We’d love to hear your thoughts and feedback!
I wonder why! Most (or all) of customer support calls are recorded. Have you tried (or proposed) to train on that corpus on your Customers premises? You can do multiple evals in that setting - replay user calls into corpus trained ai agent vs generic ai agent and see the difference. Agents can be run on a 24x7 self-test, analysis, adjustment, and reporting loop. Continuously run that loop and compare the prompts of your ai agent vs human operators.
Edit: Grammar
I built a skeleton of an iOS app that managed my calls such that I could choose to answer, decline or send to my chat bot
So it gets real data from all my regular calls and in my state (1 party consent) I don’t need anyone’s permission to record every call. So that data kicks off a fine tuning running that can run overnight or locally to improve my personal model
My plan was to use whisper and a local model with my voice clone and it would talk with everyone I didn’t want to eventually to the point where I don’t ever talk with any person I don’t want to
I would pay you for a local way to do that, however I’d NEVER give you that data - but I’m sure plenty of people would
Kinda funny how many amazing CX companies start in Germany!
I’m the CEO & founder of Rime, so I’ve been following your progress with real interest. Feel free to reach out and I’d love to explore ways we might collaborate. Until then, wishing you tons of success on this big milestone!
i always feel with these bots its like way too "polished" in the responses or how it speak. maybe that's a good thing and we are just so used to hearing someone speaking more casually be less well spoken lol. it makes it feels inauthentic, but perhaps that will change over time.
Request a demo button also does nothing other than change the text on success - not sure if it even went through...
What sets us apart is multi-stage conversation modeling, out-of-the-box evals, and self-improvement!
In general, we currently have really high success rates with relatively constrained use cases, such as lead qualification and well scoped customer service use cases (e.g., appointment booking, travel cancellation).

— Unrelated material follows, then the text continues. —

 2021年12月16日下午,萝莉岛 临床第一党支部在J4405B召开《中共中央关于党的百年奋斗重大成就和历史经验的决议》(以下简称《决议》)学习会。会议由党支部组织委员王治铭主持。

In general, voice AI is hard because WYSIWYG (there is no human in the loop between what the bot is saying and what the person on the other side gets to hear). Not sure about legal, but for more complex use cases (e.g., product refunds in retail), there are many permutations in how two different customers might frame the same issue and so it might be harder to accurately instruct the AI agent in a way to guarantee high automation results (given plentitude of edge cases).
It is our belief therefore that voice AI works the best, when the bot is leading the conversation and it is always very clear what the next steps are...
Therefore I think the verticals of customer service and lead pre-qualification make a lot more sense. Since you guys have the numbers, I am curious to learn more about the way you define constraints for the bot and how often calls in these verticals deviate from these constraints.
I'm also curious about your opinions/if you've seen any successful use cases where the bot has to be a bit more "creative" to either string together information given to it or make reasonable extrapolations beyond the information it has.
P.S. Arkadiy is locked out of his HN account due to the anti-procrastination settings. HN team, can you plz help? :)
feedback (exaggerated): 1. change stage prompt 2. change function description 3. add extra instructions to the end of the context
metrics are easy to generalize (e.g. call transfer rate), but baseline is different for each agent, so we're interpreting only the changes, not the absolute values (in the context of self-improvement).